Elle avait arrêté d’écrire pour ne pas perdre son temps, pour ne pas se retarder car elle avait son histoire d’amour à vivre. Alors, elle s’est précipitée dans ses sensations. Elle a connu l’ardent, le vif, les fleurs puis les larmes, le temps coupant de l’attente, la fièvre sans espoir d’apaisement, la colère aux tempes battantes, l’entaille indicible de l’âme. Elle s’est jetée à corps perdu dans le nom de l’Amour. Elle s’est abîmée dans ses émotions.
Un matin où elle s’est réveillée seule dans le silence aux mille portes closes, elle s’est acharnée à comprendre. Et elle s’est souvenue de son journal. Elle l’a délivré de la nuit, honteuse comme si elle avait trahi un ami.

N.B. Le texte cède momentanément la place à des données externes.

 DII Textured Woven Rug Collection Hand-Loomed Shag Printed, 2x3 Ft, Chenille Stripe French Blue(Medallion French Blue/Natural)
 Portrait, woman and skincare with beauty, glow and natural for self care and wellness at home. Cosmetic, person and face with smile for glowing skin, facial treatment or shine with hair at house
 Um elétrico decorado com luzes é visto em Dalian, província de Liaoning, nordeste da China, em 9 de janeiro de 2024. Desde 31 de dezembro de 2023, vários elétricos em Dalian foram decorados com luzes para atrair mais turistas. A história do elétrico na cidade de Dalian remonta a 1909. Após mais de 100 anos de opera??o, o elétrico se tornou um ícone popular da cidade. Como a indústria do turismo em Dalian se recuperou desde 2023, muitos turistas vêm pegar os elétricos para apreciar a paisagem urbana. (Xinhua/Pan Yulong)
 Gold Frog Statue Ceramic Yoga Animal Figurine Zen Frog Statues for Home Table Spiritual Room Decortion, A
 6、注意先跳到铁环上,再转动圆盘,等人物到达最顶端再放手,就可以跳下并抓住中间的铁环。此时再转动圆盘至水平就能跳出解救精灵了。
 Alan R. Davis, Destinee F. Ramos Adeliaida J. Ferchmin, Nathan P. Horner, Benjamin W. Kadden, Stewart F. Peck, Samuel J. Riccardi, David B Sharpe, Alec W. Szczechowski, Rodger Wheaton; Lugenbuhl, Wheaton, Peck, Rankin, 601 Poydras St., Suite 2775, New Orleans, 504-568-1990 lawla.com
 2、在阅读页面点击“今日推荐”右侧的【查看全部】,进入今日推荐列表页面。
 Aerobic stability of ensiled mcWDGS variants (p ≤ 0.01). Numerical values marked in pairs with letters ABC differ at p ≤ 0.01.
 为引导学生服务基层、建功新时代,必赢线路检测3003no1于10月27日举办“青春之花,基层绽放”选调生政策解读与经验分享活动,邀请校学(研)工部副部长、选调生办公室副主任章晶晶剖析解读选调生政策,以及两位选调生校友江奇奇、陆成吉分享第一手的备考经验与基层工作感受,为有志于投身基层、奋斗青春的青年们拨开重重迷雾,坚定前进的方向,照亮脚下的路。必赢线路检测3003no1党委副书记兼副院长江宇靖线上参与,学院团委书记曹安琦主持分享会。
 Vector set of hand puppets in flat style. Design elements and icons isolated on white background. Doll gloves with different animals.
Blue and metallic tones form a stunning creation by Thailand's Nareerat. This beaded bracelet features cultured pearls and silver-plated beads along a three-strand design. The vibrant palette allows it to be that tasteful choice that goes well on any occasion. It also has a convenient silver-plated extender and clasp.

Elle a fixé la page blanche qui succédait à son ancienne vie. Elle aurait voulu y voir notées les différentes étapes de sa douloureuse traversée. Elle aurait souhaité retrouver les mots du beau temps qui précède la tempête. Elle aurait beaucoup donné au passé pour pouvoir se relire avec ses connaissances du présent. Il lui paraissait si urgent de se comprendre.
Mais il était trop tard. Rien de ce qu’elle avait vécu n’était écrit. Comment pourrait-elle guérir de cet abandon ?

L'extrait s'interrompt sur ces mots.